Friday, October 15, 2010
Six Billion Euro Swiss Tunnel To Serve As One Stage of French Bicycle Race
Oct. 15, 2010
Tunnel under Swiss Alps to become a stage of the famed Tour de France bicycle race
Basel, Switzerland
After 15 grueling years, the loss of several lives, the disappearance of several nations, and the expenditure of more than six billion Euros, not counting taxes and gratuities, engineers rejoiced when a giant drilling machine cut through the final, mammoth slab of rock separating Switzerland from: Germany, Austria, Italy or maybe just East Switzerland.
When work on the tunnel first began, in 1995, George W. Bush had not yet been picked by the U.S.Supreme Court to take the place of the true winner of the 2000 U.S. presidential election, Al Gore. Mr. Gore, thoroughly demoralized by the perverted decision, visited a massage therapist in Washington state and caused quite a ruckus.
The tunnel, which will not be opened for public use until 2017, was started by a small group of miners using ordinary pick axes and an occasional stick of dynamite.

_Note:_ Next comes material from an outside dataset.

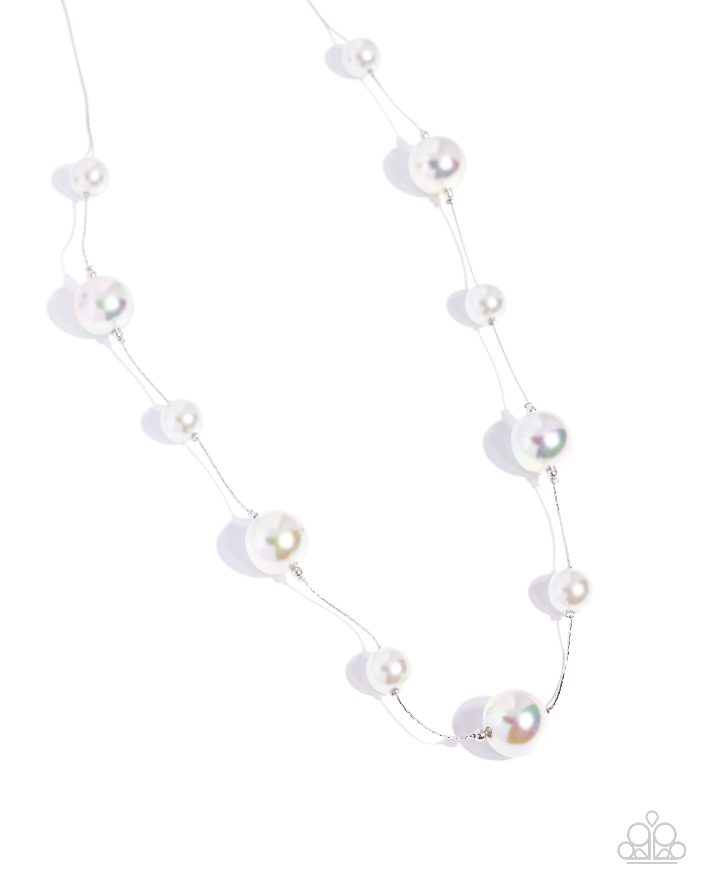 Brushed in iridescence, light gray pearls in varying sizes are threaded along a dainty silver wire below the neckline for an elegantly, elevated look. Features an adjustable clasp closure. Due to its prismatic palette, color may vary.

After 3 years of onerous toil the mine shaft had only advanced by 30 millimeters, about one foot. At that rate it would have taken 105,000 years to complete the tunnel. A proposal to triple the work force would only have reduced the time to 35,000 years and was abandoned as impractical. It only took 800 years to build the French cathedral at Chartres, for Chrisake.
The project was abandoned until the invention and construction of a giant drilling machine, capable of doing the work of an army of miners, who only would have been stepping on each other, in 2008. A prototype of the giant drill, which cost $1.3 billion Euros, was shipped to Switzerland in September, 2008. It shortened the time of construction of the tunnel from 105,000 years to a little more than 24 months, a substantial time saving.